In Linux, however (or other unices), things don't look so up. The
current approach of parsing /proc/mounts is a bit of a hack: works,
and provides information about all mounted volumes whatever its
options (real mount, bind, loopdev), but if the class properties
become dynamic, we could find DriveInfo parsing /proc/mounts once per
call.

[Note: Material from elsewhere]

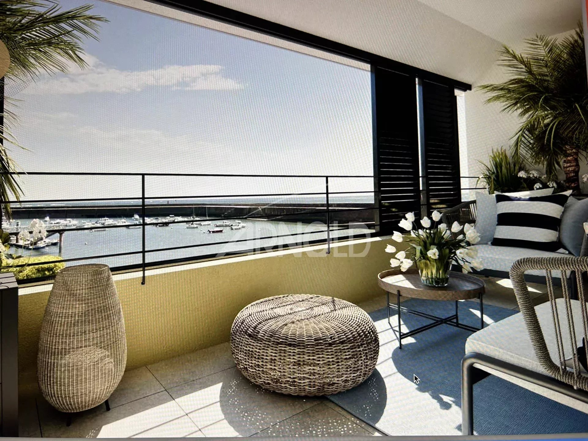 We invite you to discover our residence overlooking Port Maria on the peaceful bay, just steps from the beach, close to the Saturday market and the town center. Ideal for year-round living or holiday getaways in a seaside resort. This high-quality apartment comprises an entrance hall, a beautiful open-plan living area with a lounge, a fully equipped kitchen opening onto a 23 sq m west-facing terrace, three bedrooms, and a modern bathroom. An outdoor parking space and a video intercom system complete this property. Close to shops, schools, and public transport. Price payable by the seller.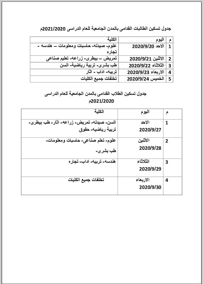 أعلنت إدارة المدن الجامعية بجامعة سوهاج جدول تسكين الطلاب و الطالبات القدامى بالمدن الجامعية للعام الدراسي 2021/2020، علي أن يبدأ تسكين الطالبات القدامي في الفترة من 20- 24 سبتمبر الجاري، أما تسكين الطلاب القدامي في الفترة من 27-30 سبتمبر الجاري، وذلك وفقًا للجدول التالي :

Besides, FUSE devices (NTFS volumes mainly, though also many
other FSs and pseudo-FSs) are reported as "fuse" or "fuseblk". I once
heard of a submitted kernel patch to make them be reported as
"fuse.sshfs" or "fuseblk.ntfs-3g", but either it's going to be
included in 2.6.24 or it's "lost in translation". Finally, this way
fits only Linux, but (I think) neither the BSDs nor commercial Unices.

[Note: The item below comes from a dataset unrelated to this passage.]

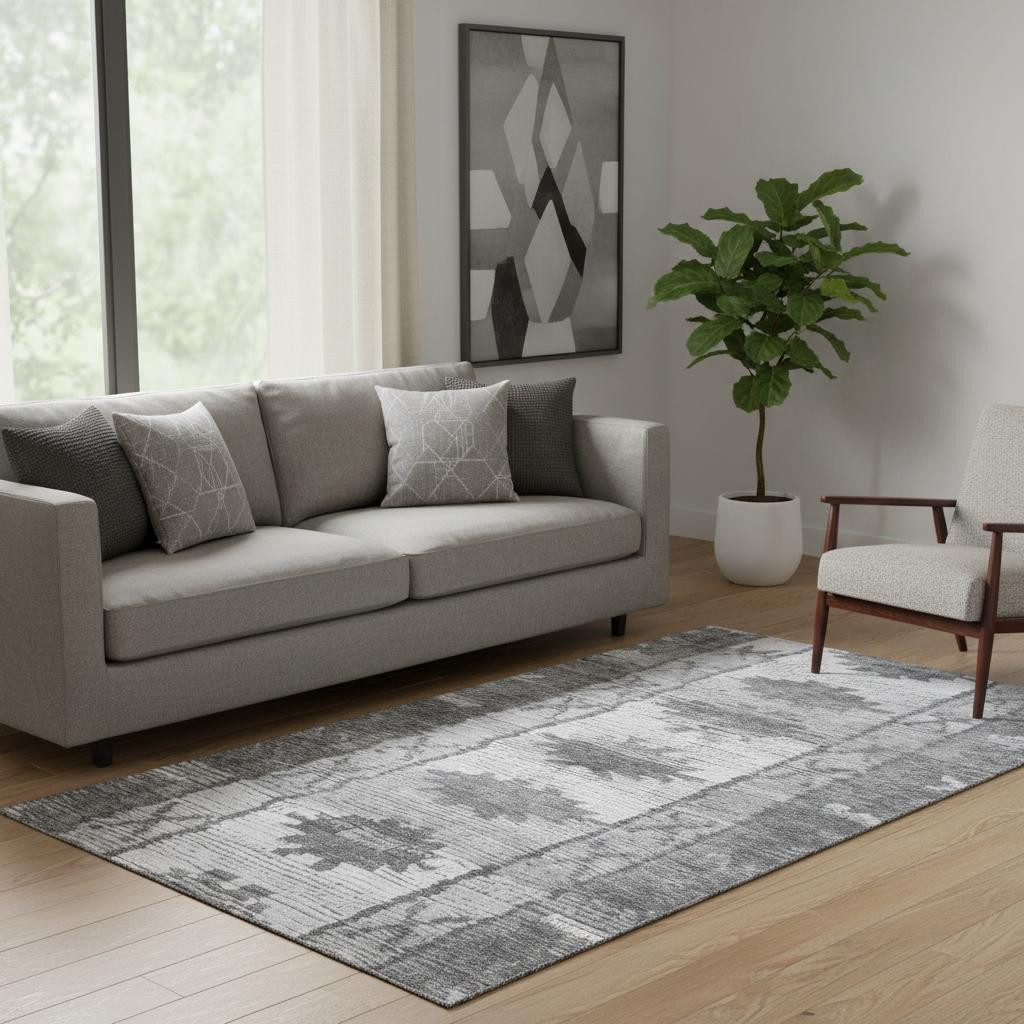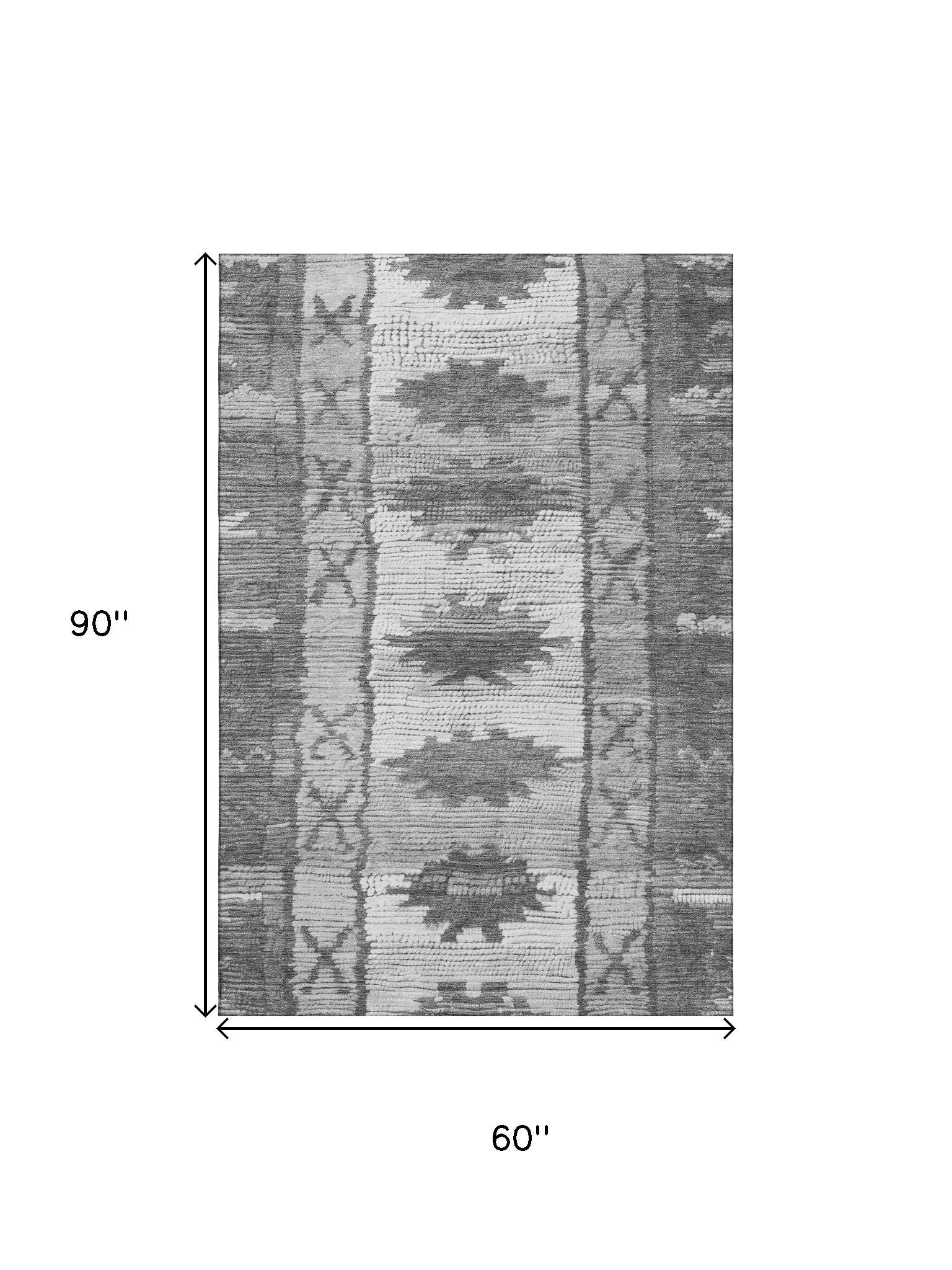 Add great coloration and comfortable texture to your space with this 5-foot x 8-foot gray charcoal and ivory tribal washable area rug with uv protection. Ideal for spaces with kids and pets, this rug is stain resistant to help repel dirt and spilled liquids. Built to last, this rug crafted from polyester fibers is known for its durability and long lasting appeal. Rugs are a great way to showcase your style, hide imperfections, warm your home and reduce noise. This larger sized, transitional styled rug is ready to create a focal point or statement piece in your room. 60.00-inch h x 90.00-inch w x 0.39-inch d.

We probably want a portable implementation rather than 5 different
ones. Even if there _are_ so many different versions of this
platform-dependent code, my opinion is that they should be "hidden" in
io_layer, not in mscorlib.

I thought of using the getmntent function family, together with the
already used statvfs, but I don't think they provide enough
information. I also dipped a toe in the HALd world (over DBUS). The
information it provides is very good and complete, and could be even
be ported to other Unices apart from Linux, but it only works with
physical devices: loopdevs and bindings are not reported through it,
which is bad, because some users depend on loopmounted volumes (WUBI,
cryptoloop, etc).

I admit I'm completely lost on this *nix issue, as this area is not
exactly standardised, even on Linux. Also, if I make any further
changes to the Windows version, it'll behave quite differently in
Linux (dynamic vs. saved properties mainly), which I think is not
exactly optimal. Any ideas?


2007/12/20, Miguel de Icaza <miguel at novell.com>:
> Hey Javier,
>     Excellent work!   I know that it has been a long process from the
> original simple contribution, but am looking forward to it ;-)
> Miguel.
> On Thu, 2007-12-06 at 14:33 +0100, Javier Martín wrote:
> > Status update: I'm currently at step 4, i.e. the Windows version has
> > been implemented and everything seems fine, sane and consistent. I had
> > to implement the WindowsGetDrives method too in order to make the
> > class even usable, but it's a bit of a stub based on
> > Environment.GetLogicalDrives and does not detect the filesystem type -
> > that should be trivial with the Win32 GetVolumeInformation call, but
> > it's secondary and for later: I don't want to add two new internal
> > calls on a single patch.
> >
> > I'm now going for lauch. If noone reports breakage in a few hours,
> > I'll start with the POSIX port, probably adding two files "volume.h"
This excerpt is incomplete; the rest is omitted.